Many of the same nation-states that manufacture outsourced products the American industry has come to rely on are the same that we deem to be our most formidable adversaries. It raises the question – would you give a robber your alarm passcode or better yet, help them design your security system?
People are the Biggest Vulnerability
The third common denominator in the vulnerability of our infrastructure is humans. Three factors are driving the people problem – supply, insider threat, and human error.
Infrastructure operators are competing with the technology industry for skilled people. Our contract and gig economy exacerbate the supply problem and befuddle sectors that have traditionally been “cradle to grave.” As people compete with technology for jobs, and as careers become ever more independent, employers have a more laborious task of overseeing and securing the workforce. Intensifying the issue is the massive shortfall of security experts – upwards of 1.5 million by 2020.
The human factor is compounded by the insider threat - employees with access and intent who can disrupt operations and impact the brand. We were raised to trust our employees, and many industries are accustomed to two and three generations of families wearing their uniforms. The concept of background checks and recurrent vetting is foreign to most. Human error represents the third leg in this fragile stool. We don’t like to think of employees as vulnerabilities, but the reality is, we need to. All it takes is the naïve click of a link to launch a malicious malware or cut a fiber optic cable.
The Biggest Threat: Us
I was recently asked to name the adversary that worries me the most. While I always put the nation-state four horsemen at the top, I have moved a more provocative adversary to the top. And that’s us. Yes, America.
We lack sufficient healthy paranoia that allows us to take our own vulnerabilities seriously. As the 2018 National Defense Strategy stated, “it is now undeniable that the homeland is no longer a sanctuary.” It is no longer a matter of if we are at risk, but when we will face a threat, what form it will take, and how long the impact will last.
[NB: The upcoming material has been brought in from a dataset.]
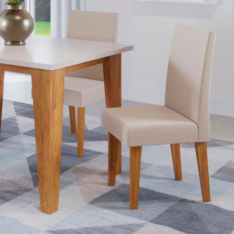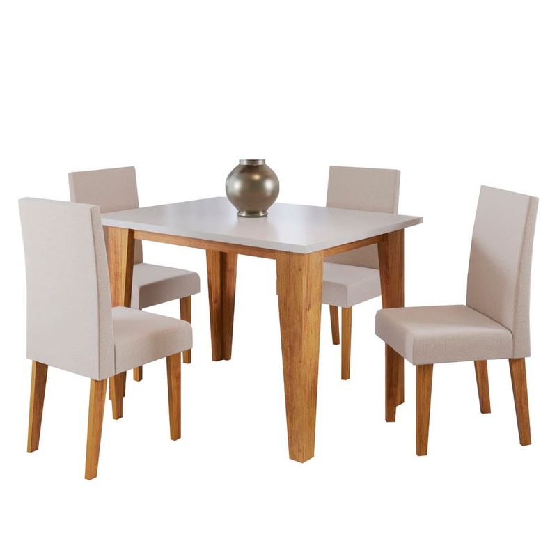 Deixe seu ambiente perfeito para compartilhar históriasO Conjunto de Jantar Latina com 4 Cadeiras Venus chegou para transformar um dos cantinhos mais queridos da sua casa. Com um design elegante e moderno, ele estará presente no dia a dia da sua família, tornando os momentos das refeições ainda mais especiais.Combinação perfeita de funcionalidade e belezaA Mesa de Jantar Retangular é fabricada em MDP, com um tampo de 1,20x80 cm e espessura de 25 mm, garantindo durabilidade e resistência. Suportando até 50 kg, a mesa é ideal tanto para refeições cotidianas quanto para ocasiões especiais. As cadeiras estofadas, com estrutura em MDP/MDF, oferecem conforto e estilo, com assentos revestidos em tecido linho e espuma D20, suportando até 90 kg cada uma.Versatilidade e Praticidade o Conjunto de Jantar com 4 Cadeiras pode ser utilizado tanto na sala de jantar quanto na cozinha, adaptando-se ao seu estilo de vida e às necessidades do seu lar. Aposte na qualidade e no design do Conjunto de Jantar Latina Venus para renovar o seu espaço e tornar cada refeição uma experiência única.

The 2016 elections, the current news about Russian and Iranian sponsored disinformation operations, never-ending fire seasons, rising sea levels, falling bridges all are clear indicators of the future. We can begin to address those vulnerabilities by treating security and resilience as essential to design criteria as sustainability and efficiency. That step means employing greater discipline in choosing our suppliers and it a Madison Avenue Campaign to highlight how attractive and vital working to operate and secure our infrastructure can be.
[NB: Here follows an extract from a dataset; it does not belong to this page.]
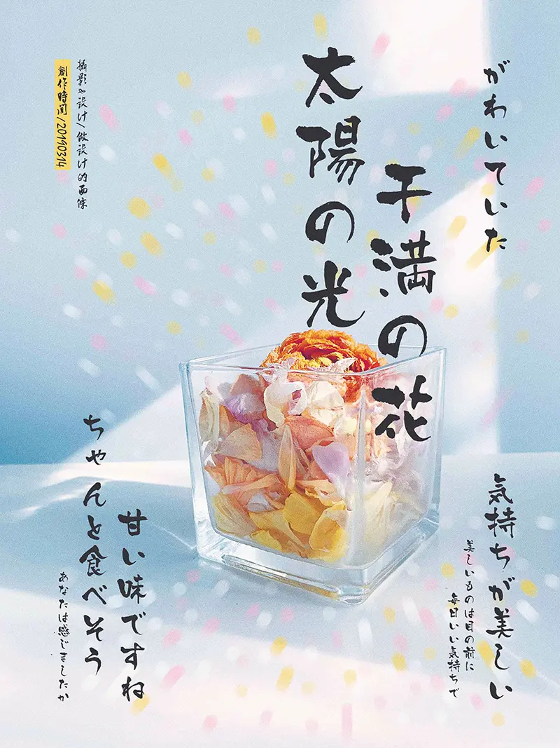 没想到,最后看到照片好好看,特别像一杯盛满了阳光的花瓣冰淇淋,我把照片发到朋友圈大家也都说很好看,所以一不做二不休,做成海报吧!~

Building a secure and resilient infrastructure is akin to building a secure and resilient organization. It begins with an understanding that withstanding known threats and as well as circumstances beyond its control is more than developing a playbook or a plan. It starts with an organization widening its risk lens and a fostering a culture that embraces challenging long-held biases and assumptions. Its resources and actively engages a workforce that senses, assesses, and acts with purpose. It builds agility by learning from its and others’ successes and failings and invests in a framework that underpins a more risk tolerant and change ready organization.